Often, unless there is a known exposure to anthrax spores, patients may not
seek medical attention at this stage. If they do seek medical care, the
diagnosis would not usually be entertained in the absence of known exposure
because of the lack of distinguishing clinical signs and symptoms. As the
disease gradually progresses into a second stage, more ominous findings of
dyspnea, respiratory distress, high fever, shaking chills, and hypotension may
ensue. If patients are not treated appropriately at this stage, death occurs
2472 hr after presentation.
The limited number of reports on inhalational anthrax in the medical
literature describe disease manifestations as pleural effusions, mediastinal
widening, and rarely pneumonia
[8-11].
Mediastinal widening has been reported to be the earliest radiographic sign
[9]. In the second patient,
enhancing nodes occurred in the absence of mediastinal widening or hemorrhagic
mediastinitis. Nodal enhancement may be an early sign of infection, occurring
even before mediastinal widening. Radiographic appearance of consolidation and
air-space disease were also presenting features of inhalational anthrax in
these cases. However, infectious pneumonia is found only rarely in postmortem
tissue examinations.
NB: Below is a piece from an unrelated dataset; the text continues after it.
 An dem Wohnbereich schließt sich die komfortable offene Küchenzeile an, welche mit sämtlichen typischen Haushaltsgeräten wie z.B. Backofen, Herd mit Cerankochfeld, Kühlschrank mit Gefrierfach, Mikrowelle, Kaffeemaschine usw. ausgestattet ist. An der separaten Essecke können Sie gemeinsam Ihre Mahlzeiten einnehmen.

In our first patient, the infiltrates were identified as
peribronchial hemorrhage because the postmortem examination did not show any
evidence of infectious pneumonia. In a series of 42 autopsies from the
Sverdlovsk experience in 1979, 11 cases had focal, hemorrhagic, necrotizing
pneumonic lesions without a bronchoalveolar pneumonic process
[1,
10,
11].
The first 10 patients from this recent bioterrorism-related outbreak had
abnormal findings on chest radiographs at presentation. Eight had pleural
effusions, seven had a wide mediastinum, and seven had lung infiltrates
[12]. Thus, in the correct
epidemiologic setting, radiologists and clinicians need to consider
inhalational anthrax in the differential diagnosis of patchy air-space disease
as well as widened mediastinum or bloody pleural effusions. Imaging methods,
of course, may not differentiate pneumonia from hemorrhage.
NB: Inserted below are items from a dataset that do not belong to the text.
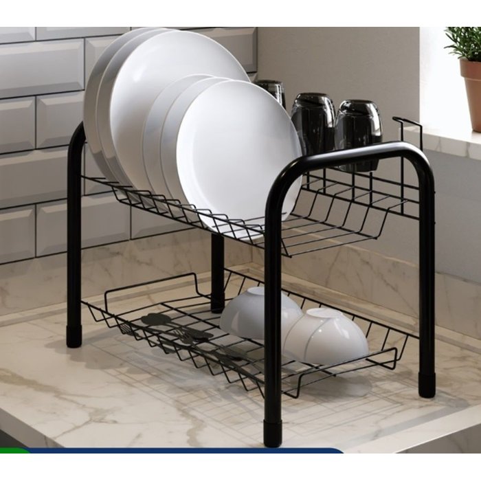 Escorredor de Louça Duplo 11 Pratos 5 Copos Porta Talheres preto
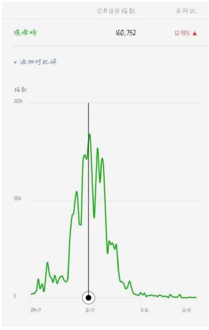 9月17日至11月16日期间微信搜索指数大幅上升,是全年最高时段。10月18日指数达到最高值160752,日环比上升到12.93%。
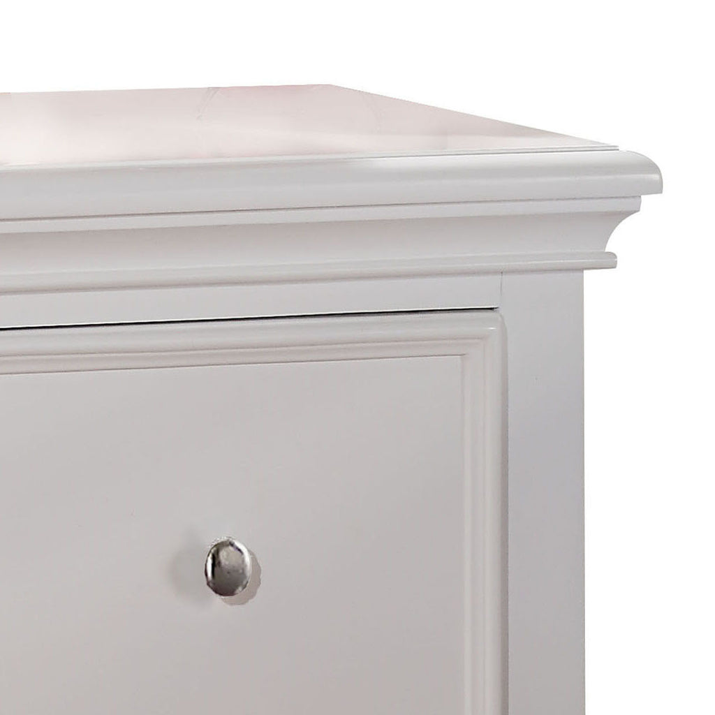 This transitional nightstand seamlessly blends traditional and contemporary elements, featuring two drawers that offer convenient bedside storage. The white finish creates a bright, inviting atmosphere, while metal nickel knobs add a stylish accent and ensure easy access to your essentials.
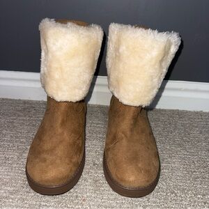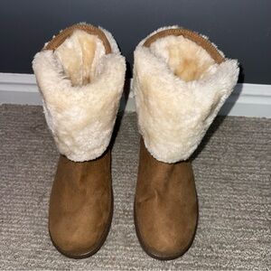 GGASHLEAR Women’s Faux Fur Winter Ankle Boots Brown Lace Up Cosy Warm– Size 6.5M
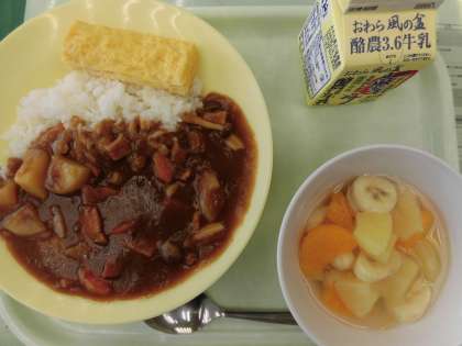 5月22日(水) 今日の給食 公開日 2024/05/22 更新日 2024/05/22 今日の給食 今日の献立は、ハヤシライス(ごはん)、卵ロール、フルーツミックス、牛乳です。 ハヤシライスは、子供たちに大人気メニューの一つです。じゃがいもやニンジン、玉ねぎ、ベーコンなどの具もたくさん入っています。フルーツミックスも甘くておいしいです。 今日もおいしくいただきました!

Most published experience with inhalational anthrax occurred before
widespread availability of CT. Mediastinal widening with high-attenuation
mediastinal and hilar lymph nodes on CT in the absence of trauma, dissection,
or bleeding diathesis is suspicious. In fact, this constellation of imaging
features in a patient with possible exposure is almost pathognomonic for
inhalational anthrax.
The loss of nodal enhancement or the disappearance of adenopathy on CT may
be surrogate markers for clinical improvement. Nodal permeability may be the
underlying cellular process altered by acute inhalational anthrax. The
temporalspatial factors that may influence nodal enhancement are not
well understood; however, they may be related to timing of the imaging,
severity of disease, and contrast pharmacokinetics (injection rate, hydration
status, hemodynamics, washout into extracellular space). Nodal enhancement in
our second patient was seen on day 8. Nodal enhancement without internal
necrosis or hemorrhage could potentially represent improving or less severe
infection. Decreased nodal enhancement has been previously reported during
treatment for inhalation anthrax
[13]. However, adenopathy did
not resolve in days, as it may have in one node presented here. CT of
enhancing nodes associated with inhalational anthrax may show differing
degrees of edema and enhancement
[13,
14]. Ill-defined ringlike
nodal enhancement has been described on 20-min delayed CT
[14]. This has been postulated
to be the result of nodal hemodynamics, with rapid nodal enlargement and
vascular compromise.
Pneumatosis and portal venous gas have not been previously reported in
association with inhalational anthrax. Bowel wall pneumatosis with portal
venous gas can signify bowel ischemia or infarction and may constitute a
surgical emergency in certain clinical settings
[15,
16]. The abdominal features of
pneumatosis, portal venous gas, ascites, and bowel wall thickening in patients
with possible exposure should also alert clinicians to the possibility of
inhalational anthrax. Both of these patients initially presented with
gastrointestinal symptoms, and gram-positive bacilli were found in the small
bowel on postmortem examination of our first patient. Abdominal CT scan may be
helpful in the evaluation of this unusual presentation, but clinicians should
think of ischemia before inhalational anthrax as a cause of portal venous gas,
bowel wall thickening, and pneumatosis.
Gastrointestinal anthrax is considered a rare disease. It may present with
nausea, vomiting, malaise, bloody diarrhea, and it may progress to acute
abdominal sepsis and shock. It predominantly affects the terminal ileum or
cecum [1,
11]. Both of our patients
presented with gastrointestinal symptoms. However, postmortem examination
(available for our first patient) did not reveal primary gastrointestinal
anthrax, because no mucosal lesions or regional lymphadenitis was found. This
patient's gastrointestinal disease was most likely related to direct infection
after hematogenous spread; however, bowel ischemia from sepsis, hypovolemia,
or distention itself may have also been a contributing factor.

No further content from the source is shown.